Open kisozinov opened 2 months ago
Hi @kisozinov, sorry for the late reply.
I think the reason is that the NQ dataset on huggingface dataset hub now only has 10.6k train data
But originally it should have 307k. I am not sure what happened..
@ArvinZhuang This is not a problem. I've successfully downloaded this dataset again today, it has 307/7 k samples (maybe bug?). In the case of a full dataset, did you use the standard split into train/test (307/7 k)? The restriction on the unique doc title from your script is not suitable, as far as I understand :)
@kisozinov Yes I was using standard train/test split. If nothing about the dataset is wrong, it is what it is. The reason I have the doc title filtering is that it is not suitable to have two different document IDs for the same document (identified by title). The filtering makes sure this won't happen. So we got fewer documents at the end because the train/test had fewer unique documents.
Maybe the proper way is to sample some other documents from Wikipedia and add them to the corpus to make up a corpus with 320k docs.

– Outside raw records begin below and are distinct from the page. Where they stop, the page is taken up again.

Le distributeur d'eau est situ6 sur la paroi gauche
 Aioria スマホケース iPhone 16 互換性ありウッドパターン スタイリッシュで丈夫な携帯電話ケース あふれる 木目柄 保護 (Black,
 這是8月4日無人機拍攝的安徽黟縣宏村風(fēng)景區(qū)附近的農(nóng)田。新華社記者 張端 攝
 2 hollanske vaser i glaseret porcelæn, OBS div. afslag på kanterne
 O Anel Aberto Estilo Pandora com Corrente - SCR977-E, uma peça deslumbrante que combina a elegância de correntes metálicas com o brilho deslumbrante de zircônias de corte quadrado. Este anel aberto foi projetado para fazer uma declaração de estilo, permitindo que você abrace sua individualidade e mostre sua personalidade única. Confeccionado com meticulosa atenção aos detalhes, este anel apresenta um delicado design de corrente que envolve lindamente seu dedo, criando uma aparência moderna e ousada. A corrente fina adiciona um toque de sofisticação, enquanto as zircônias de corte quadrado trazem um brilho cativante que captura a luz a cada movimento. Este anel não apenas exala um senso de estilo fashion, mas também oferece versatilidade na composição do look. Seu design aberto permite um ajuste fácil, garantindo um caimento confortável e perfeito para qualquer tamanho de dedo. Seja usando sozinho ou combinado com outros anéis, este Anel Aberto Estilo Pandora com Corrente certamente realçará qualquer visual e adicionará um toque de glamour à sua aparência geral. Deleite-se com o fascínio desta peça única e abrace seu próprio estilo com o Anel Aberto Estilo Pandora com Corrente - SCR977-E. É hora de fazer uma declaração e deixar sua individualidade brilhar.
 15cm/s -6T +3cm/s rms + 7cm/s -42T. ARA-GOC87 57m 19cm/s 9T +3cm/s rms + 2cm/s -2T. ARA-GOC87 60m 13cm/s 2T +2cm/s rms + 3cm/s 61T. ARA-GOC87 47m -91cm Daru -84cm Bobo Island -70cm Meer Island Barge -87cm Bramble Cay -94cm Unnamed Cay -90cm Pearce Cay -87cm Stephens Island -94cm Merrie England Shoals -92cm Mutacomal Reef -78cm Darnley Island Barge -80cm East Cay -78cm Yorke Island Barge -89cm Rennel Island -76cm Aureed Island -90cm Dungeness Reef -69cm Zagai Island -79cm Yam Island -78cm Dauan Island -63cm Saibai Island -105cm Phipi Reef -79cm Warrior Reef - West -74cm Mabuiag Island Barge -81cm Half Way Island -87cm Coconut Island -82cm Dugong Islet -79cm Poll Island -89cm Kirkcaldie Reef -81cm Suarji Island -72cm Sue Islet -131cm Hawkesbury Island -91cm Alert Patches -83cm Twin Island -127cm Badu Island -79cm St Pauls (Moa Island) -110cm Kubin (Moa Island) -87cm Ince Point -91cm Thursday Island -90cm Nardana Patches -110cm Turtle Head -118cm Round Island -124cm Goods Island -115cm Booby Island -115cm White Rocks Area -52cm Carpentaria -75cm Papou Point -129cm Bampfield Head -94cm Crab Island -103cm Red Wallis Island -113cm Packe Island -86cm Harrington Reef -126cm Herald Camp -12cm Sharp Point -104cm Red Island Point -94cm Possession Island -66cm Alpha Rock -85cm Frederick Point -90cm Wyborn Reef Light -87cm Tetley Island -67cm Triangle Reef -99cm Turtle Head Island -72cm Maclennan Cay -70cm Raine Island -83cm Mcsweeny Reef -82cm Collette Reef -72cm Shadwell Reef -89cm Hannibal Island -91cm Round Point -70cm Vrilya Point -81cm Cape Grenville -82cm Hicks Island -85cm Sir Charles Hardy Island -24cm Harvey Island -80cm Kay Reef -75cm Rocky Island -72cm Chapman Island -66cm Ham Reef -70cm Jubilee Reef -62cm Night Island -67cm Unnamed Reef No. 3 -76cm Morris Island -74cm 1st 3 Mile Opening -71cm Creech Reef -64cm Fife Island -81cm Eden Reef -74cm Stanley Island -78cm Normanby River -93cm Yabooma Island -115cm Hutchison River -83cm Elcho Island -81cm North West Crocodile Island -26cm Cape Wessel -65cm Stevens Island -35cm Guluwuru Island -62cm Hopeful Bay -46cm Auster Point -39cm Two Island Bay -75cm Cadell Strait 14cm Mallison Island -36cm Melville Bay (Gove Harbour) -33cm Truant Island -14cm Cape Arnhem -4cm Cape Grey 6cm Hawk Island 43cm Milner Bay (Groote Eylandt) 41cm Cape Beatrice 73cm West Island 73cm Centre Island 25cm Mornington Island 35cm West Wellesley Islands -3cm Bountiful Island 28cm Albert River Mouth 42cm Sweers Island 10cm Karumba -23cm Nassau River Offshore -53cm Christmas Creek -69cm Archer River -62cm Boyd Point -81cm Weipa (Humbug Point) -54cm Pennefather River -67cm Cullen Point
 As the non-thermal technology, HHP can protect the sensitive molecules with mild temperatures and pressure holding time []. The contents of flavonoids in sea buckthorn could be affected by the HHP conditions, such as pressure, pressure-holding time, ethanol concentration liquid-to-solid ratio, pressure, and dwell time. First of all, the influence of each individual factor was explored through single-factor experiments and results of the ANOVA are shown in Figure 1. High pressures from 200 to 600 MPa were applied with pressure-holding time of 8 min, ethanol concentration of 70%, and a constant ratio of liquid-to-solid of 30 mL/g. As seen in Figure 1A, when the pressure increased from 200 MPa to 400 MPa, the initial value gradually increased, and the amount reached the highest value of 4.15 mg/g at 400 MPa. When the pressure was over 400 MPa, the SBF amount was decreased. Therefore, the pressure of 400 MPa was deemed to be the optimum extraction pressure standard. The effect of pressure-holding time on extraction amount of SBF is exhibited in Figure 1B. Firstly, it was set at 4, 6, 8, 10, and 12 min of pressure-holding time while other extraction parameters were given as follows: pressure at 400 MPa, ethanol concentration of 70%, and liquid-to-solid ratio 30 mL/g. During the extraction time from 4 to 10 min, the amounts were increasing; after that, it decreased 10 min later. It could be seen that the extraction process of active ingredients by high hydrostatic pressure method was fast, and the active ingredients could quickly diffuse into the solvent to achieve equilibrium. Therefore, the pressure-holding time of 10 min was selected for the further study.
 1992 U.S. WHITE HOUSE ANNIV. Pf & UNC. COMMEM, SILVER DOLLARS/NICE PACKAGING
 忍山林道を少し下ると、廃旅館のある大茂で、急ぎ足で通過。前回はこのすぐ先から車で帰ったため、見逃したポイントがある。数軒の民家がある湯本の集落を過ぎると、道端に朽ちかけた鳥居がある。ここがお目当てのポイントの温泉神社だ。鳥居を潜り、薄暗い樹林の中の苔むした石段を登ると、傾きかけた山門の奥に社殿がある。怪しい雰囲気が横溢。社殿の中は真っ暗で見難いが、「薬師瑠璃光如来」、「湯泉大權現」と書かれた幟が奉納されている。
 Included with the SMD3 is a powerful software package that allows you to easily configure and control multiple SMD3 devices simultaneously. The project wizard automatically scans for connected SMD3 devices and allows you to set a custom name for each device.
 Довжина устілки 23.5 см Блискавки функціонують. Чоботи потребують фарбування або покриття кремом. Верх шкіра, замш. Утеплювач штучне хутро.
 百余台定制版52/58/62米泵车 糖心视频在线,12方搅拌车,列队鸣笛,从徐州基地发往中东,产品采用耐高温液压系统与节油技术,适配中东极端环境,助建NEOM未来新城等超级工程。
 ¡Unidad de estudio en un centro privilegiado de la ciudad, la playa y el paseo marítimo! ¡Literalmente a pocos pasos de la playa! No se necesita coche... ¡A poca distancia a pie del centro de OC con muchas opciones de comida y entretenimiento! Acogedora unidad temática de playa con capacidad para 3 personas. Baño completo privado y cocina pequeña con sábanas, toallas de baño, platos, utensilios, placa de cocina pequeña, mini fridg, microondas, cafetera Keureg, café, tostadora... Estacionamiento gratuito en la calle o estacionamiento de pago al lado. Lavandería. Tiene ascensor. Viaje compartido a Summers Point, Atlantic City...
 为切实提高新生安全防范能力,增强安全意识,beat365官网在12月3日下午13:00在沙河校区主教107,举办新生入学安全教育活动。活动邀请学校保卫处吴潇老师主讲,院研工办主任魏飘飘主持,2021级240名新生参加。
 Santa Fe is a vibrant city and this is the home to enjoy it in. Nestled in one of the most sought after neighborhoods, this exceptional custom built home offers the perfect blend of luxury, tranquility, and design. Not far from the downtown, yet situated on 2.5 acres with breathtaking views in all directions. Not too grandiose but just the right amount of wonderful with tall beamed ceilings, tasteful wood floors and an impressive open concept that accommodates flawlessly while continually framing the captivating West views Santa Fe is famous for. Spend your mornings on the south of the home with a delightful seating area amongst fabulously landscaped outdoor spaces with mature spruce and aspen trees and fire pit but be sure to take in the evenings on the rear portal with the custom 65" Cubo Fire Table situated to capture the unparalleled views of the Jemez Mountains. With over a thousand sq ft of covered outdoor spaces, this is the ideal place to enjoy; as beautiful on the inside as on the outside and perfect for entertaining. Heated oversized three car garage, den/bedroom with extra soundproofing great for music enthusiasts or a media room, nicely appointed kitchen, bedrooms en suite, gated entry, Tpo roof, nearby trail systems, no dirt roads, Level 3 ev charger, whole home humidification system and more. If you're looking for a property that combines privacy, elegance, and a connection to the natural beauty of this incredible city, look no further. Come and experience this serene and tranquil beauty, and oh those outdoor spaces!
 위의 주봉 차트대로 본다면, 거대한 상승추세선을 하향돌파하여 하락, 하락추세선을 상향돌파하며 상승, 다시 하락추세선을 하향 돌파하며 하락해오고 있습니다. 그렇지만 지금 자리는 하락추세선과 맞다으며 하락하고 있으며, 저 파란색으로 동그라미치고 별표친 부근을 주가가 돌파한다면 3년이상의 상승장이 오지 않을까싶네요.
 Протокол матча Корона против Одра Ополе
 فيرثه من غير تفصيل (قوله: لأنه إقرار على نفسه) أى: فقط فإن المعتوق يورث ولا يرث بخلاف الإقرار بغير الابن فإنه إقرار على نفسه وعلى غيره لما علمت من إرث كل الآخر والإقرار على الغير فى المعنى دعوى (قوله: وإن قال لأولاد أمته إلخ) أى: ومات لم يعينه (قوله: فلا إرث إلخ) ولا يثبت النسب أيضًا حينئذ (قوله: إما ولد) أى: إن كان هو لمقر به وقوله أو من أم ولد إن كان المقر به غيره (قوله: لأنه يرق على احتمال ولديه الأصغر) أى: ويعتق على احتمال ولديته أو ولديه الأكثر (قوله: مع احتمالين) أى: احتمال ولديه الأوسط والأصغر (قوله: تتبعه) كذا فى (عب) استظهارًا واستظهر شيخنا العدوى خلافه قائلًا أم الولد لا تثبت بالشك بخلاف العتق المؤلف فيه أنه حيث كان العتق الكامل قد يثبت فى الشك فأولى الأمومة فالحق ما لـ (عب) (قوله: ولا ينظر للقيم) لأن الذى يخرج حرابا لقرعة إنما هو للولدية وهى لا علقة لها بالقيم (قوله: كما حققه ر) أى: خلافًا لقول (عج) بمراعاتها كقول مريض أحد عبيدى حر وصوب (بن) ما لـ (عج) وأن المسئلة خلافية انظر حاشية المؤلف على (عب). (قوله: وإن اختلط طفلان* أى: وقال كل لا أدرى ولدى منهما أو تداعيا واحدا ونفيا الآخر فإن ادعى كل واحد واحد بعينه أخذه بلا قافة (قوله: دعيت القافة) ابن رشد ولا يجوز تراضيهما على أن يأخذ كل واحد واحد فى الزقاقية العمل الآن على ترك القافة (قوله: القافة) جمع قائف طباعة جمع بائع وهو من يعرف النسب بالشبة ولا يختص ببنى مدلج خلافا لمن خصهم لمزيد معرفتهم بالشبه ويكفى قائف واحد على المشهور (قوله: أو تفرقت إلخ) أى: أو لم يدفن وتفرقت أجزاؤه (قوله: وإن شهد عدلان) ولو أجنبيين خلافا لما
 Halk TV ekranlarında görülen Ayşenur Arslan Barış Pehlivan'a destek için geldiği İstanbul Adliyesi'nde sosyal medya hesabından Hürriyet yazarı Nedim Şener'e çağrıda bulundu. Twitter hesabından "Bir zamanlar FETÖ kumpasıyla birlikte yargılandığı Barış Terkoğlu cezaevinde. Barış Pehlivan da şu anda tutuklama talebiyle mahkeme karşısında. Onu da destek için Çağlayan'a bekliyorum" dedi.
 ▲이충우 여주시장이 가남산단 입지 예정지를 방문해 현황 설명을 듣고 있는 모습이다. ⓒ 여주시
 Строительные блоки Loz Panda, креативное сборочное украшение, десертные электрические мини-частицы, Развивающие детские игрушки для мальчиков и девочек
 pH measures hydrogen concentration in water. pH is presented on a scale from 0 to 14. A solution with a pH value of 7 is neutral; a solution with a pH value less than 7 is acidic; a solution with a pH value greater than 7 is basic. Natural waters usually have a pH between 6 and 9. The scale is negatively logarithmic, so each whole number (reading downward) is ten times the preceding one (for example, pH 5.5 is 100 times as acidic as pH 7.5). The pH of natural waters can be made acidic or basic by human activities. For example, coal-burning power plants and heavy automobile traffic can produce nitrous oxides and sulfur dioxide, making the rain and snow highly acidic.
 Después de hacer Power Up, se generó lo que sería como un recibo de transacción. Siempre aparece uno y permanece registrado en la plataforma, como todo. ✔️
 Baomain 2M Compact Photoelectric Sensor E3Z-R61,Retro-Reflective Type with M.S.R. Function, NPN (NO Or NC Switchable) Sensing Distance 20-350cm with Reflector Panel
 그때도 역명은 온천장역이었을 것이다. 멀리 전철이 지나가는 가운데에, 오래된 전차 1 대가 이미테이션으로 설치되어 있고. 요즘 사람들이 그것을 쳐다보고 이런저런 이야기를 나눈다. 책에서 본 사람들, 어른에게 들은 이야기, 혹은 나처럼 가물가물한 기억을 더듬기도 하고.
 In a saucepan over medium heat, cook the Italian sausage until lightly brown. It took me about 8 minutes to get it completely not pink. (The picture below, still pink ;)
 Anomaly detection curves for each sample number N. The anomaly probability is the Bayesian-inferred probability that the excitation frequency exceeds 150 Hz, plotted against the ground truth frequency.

I got it, thanks for the answer :)
Hi, I tried to reproduce the results of your experiments on NQ320k dataset as per the table from your paper![image](https://github.com/ArvinZhuang/DSI-QG/assets/71232712/15142d38-aaef-483f-8cc4-85b304bc606e)
To do this, I referred to your script from old repository, but I ran into the problem that simply by changing
NUM_TRAIN=307000
andNUM_EVAL=7000
script terminates in the middle, probably due to the repeated titles (stop at ~107000).Hence I have a question, what script or settings (train/val split) do you use to process NQ320k?